Old is new; an experimental fish trap on the Columbia River/Wild Fish Conservancy photo
The handwriting might be on the wall for the commercial gillnet fisheries targeting Columbia River salmon in the wake of a new study documenting how almost unbelievably clean it is to fish with traps.
Traps, which steer fish into holding pens where they are kept alive until they can be sorted for harvests or upstream passage, have long been known to be a better means of selective harvest than gillnets, which indiscriminately snag and hold salmon of any species that happen to poke their heads through the mesh or become entangled in it.
But it was not known how much better, with some scientists thinking the stress of the time spent in holding pens might cause the later death of some trapped salmon eventually freed to continue on their way to the spawning grounds.
The problem gets especially difficult on the Columbia where struggling wild kings mix with kings returning to hatcheries built to maintain fishing opportunities along the more than 1,200-mile-long river that flows from the Canadian Rockies south through the state of Washington before turning west to form the Washington-Oregon border.
Using data from a genetic testing and tagging program that began in 2019, Fish Conservancy researchers were able to identify and then enumerate the number of Chinook surviving the trap and making it to spawning grounds above the Bonneville Dam more than 100 miles and about a week’s travel time for a salmon upstream from the trap.
“Based upon our tagged sample of fish that had genetically assigned to populations originating above Bonneville Dam,” they reported, every fish tagged in the trap had made it past that obstacle.
‘Remarkable’ results
The study is now in the peer-review process.
Given its small sample size – only 88 fish were identified as spawners headed upstream of Bonneville – it would be a stretch to say that it shows the use of traps could eliminate all bycatch mortality for Chinook in mixed-stock fisheries, but the study makes it clear that if the idea is to harvest salmon cleanly, traps are the way to go.

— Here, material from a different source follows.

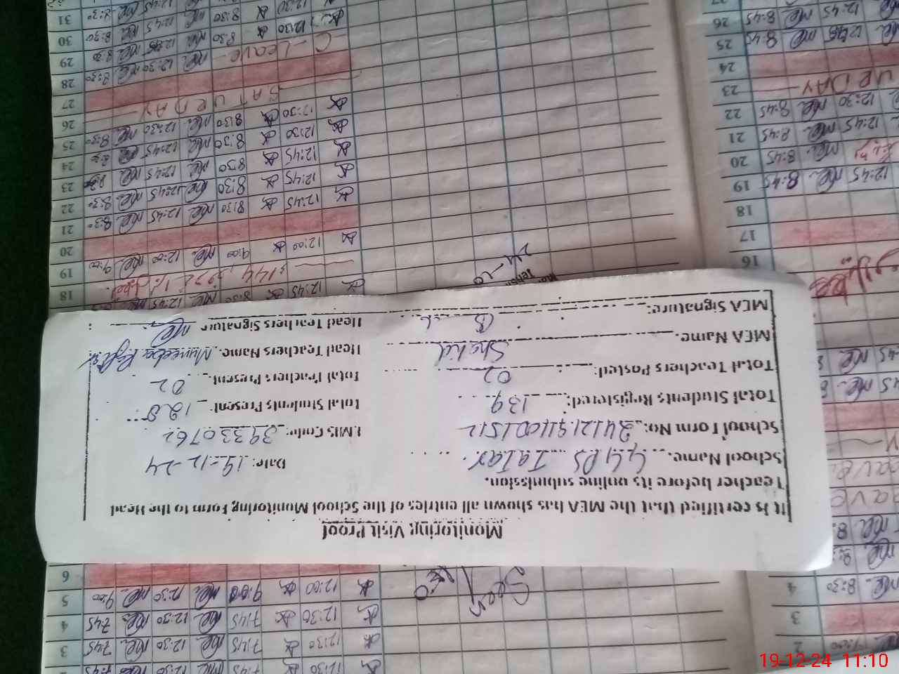 | Attendance Register | Head Teacher | MEA with School | Visit Proof |

As the Conservancy put it, “the latest survival analysis provides some of the most irrefutable and persuasive evidence to date that passively operated fish traps may provide sustainable fishing opportunities for hatchery fish (or other healthy and abundant stocks) while eliminating mortality to threatened and endangered wild salmon that co-mingle in the river.”
Traps, however, are controversial.
In Alaska, commercial traps were banned at Statehood. They had been long resented in the territory as the tools of Outside interests that held too much power over salmon harvests.

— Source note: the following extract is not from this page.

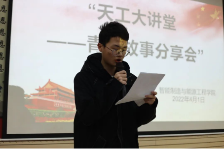 为丰富老员工文化生活,让同学们更加清楚青春的意义,锻炼同学们的语言表达能力。41日,申博sunbet在仙女湖校区一楼学术报告厅召开了“天工大讲堂——青春故事分享会”,此次分享会由2021级机械设计制造及其自动化2班胡定茂主持,共有10名参赛人员报名参加了此次活动,21级全体员工参加了此次活动。

Even then, however, it was known traps were a scientifically better means of harvest, as Rogers conceded:
“…It was the only way that salmon should have been harvested because the fish worked out to the runs. You could manage. You knew what was coming and going. You could control the escapement of the fish. You could then control the harvest. You didn’t have to chase mobile gear all over the place. And it was just perfect, but the trouble with the fish trap was that it was owned by the processors, the canners, and they were all Outside interests.”

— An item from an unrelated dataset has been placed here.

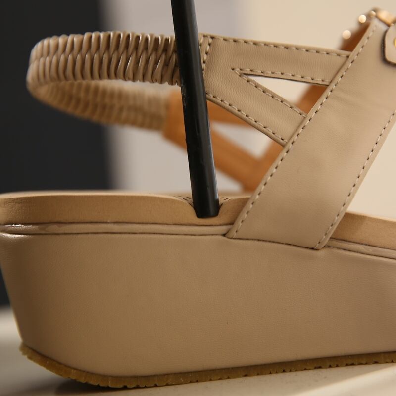 シンプルなデザインながらも、ベルト部分にあしらったビジューがこなれ感を演出してくれるプラットフォームサンダル。

Post Statehood, Alaska took a more democratic view of commercial salmon harvesting and let everyone have at it. By the start of the 1970s, state salmon returns were at record lows in part due to cold water in the North Pacific ocean and in part due to overfishing.
Alaska voters then approved an amendment to the constitution basically undoing the Statehood decision to take the vast majority of the salmon out of the hands of the few and share the catch widely among the many.
As a result, 1.5 percent of Alaska fishermen now catch more than 95 percent of the salmon while the other 95 percent hope to catch a fish, and salmon managers continue to struggle to find ways to get weak returns of some species like Kenai kings, past the gillnets used to catch salmon returning in large numbers, like Kenai sockeye.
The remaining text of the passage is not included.